6. Une relation intime avec les machines
Les jeunes ont le désir de développer une relation intime et intersubjective
avec leurs objets communicants. Ce désir doit être mis à profit pour favoriser les
usages encadrés des outils qu’ils utilisent : consoles de jeu, lecteurs MP3 téléphones
portables. Cela peut permettre de re-motiver tous les élèves, de développer des
compétences avancées telles que l’esprit d’initiative et la capacité de coopérer, et
enfin de préparer les futurs citoyens aux conséquences du virtuel dans la société.

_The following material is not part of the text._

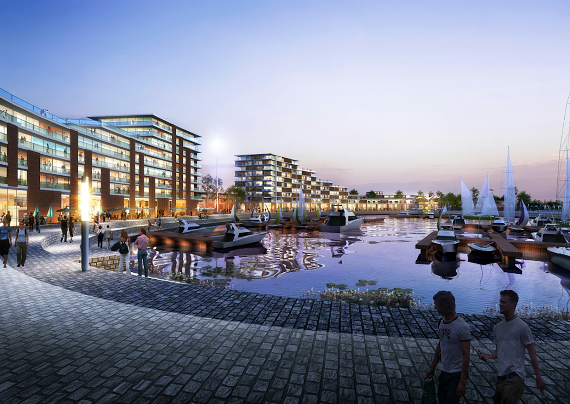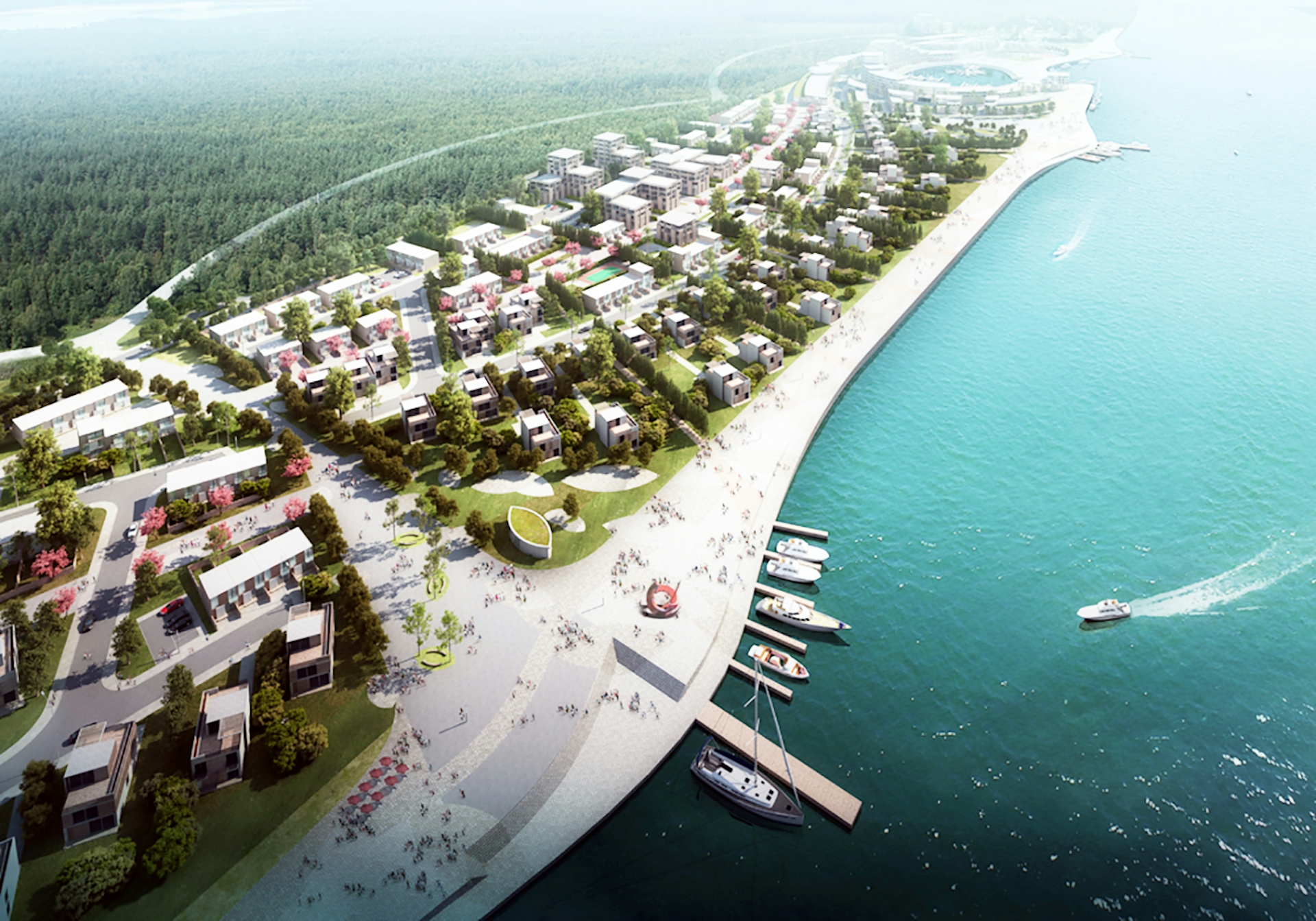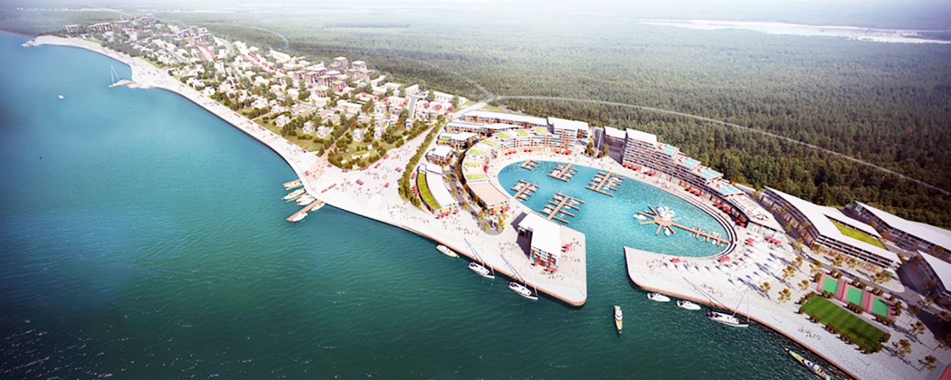 Участок представляет собой вытянутую прямоугольную форму на левом берегу реки Волги в Тверской области, площадью 48,0 га. Южная граница - река Волга, западная - частные земельные участки для садов, северная - рекреационные цели. Рельеф имеет плавный уклон с перепадом высот около 3 м. На участке протекают ручьи, впадающие в Волгу. Он находится в "третьей санитарно-защитной зоне" с ограничениями на использование. Принятое планировочное решение предусматривает размещение пяти комплексов, которые будут построены поэтапно. Каждый из них связан рекреационными зонами с протекающими через них притоками реки. В комплексах преобладают многоквартирные дома и трехэтажные виллы, а также двух- и трехэтажные таунхаусы и многоэтажные жилые здания. Квартиры различаются по количеству этажей и имеют первые этажи смешанного использования, включая два детских сада на тридцать пять мест, расположенные на первых этажах многоэтажных зданий. Часть территории отведена под строительство сухого дока для хранения и незначительного ремонта частных яхт. Жилые зоны соединены обширным благоустройством для общественного пользования с открытыми бассейнами, спортивными и рекреационными площадками. Парковка для владельцев вилл и таунхаусов расположена на их территориях. Планировочное решение комплекса марины имеет наивысшую плотность застройки и включает искусственный водоем с причальными сооружениями для яхт (яхтенный порт), яхтенный клуб, загородный клуб, гостиницу на набережной, многоэтажные квартиры и отдельно стоящее оборудование для спорта и отдыха.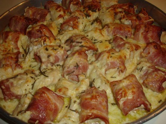 Εκτέλεση Κόβουμε τα φιλέτα κοτόπουλου σε μεγάλους κύβους και τους βάζουμε σε κατσαρόλα να βράσουν ελαφρά για 15 περίπου λεπτά, μαζί με το κρεμμύδι, το καρότο, τα φύλλα δάφνης, αλάτι και μία κουταλιά της σούπας ελαιόλαδο. Κατόπιν τα σουρώνουμε, τυλίγουμε κάθε κομμάτι με μία λωρίδα μπέικον και τα τοποθετούμε σε ταψί. Όταν τελειώσουμε με το τύλιγμα πασπαλίζουμε με τα τυριά, ρίχνουμε πιπέρι, το δεντρολίβανο και απλώνουμε την κρέμα γάλακτος να πάει παντού, βάζουμε τους κύβους βουτύρου σε διαφορετικά σημεία και ψήνουμε για 20 λεπτά σε κανονικό φούρνο.

Mais en même temps, pour éviter tout quiproquo, il est essentiel d’expliquer aux
enfants qu’il existe deux formes bien différentes d’apprentissage : l’apprentissage
scolaire traditionnel, basé sur la méthode hypothético déductive, et l’apprentissage
médiatisé par les TIC, dans lequel le tâtonnement et les essais et erreurs jouent une
place centrale.
EN CONCLUSION
Internet ajoute de nouvelles formes de transmissions entre pairs, et aussi des
plus jeunes vers les plus âgés. En même temps, ses dangers sont si nombreux et si
imprévisibles que nous ne pouvons plus rêver de construire un monde dans lequel
les enfants ne courent aucun risque. Il nous faut au contraire les rendre capables de
faire face à tous les risques… mais avec un maximum de précautions. Et pour cela, il
ne faut plus vouloir les protéger contre des dangers réels ou supposés des nouvelles
technologies, mais les protéger avec eux, c’est-à-dire avec leur participation.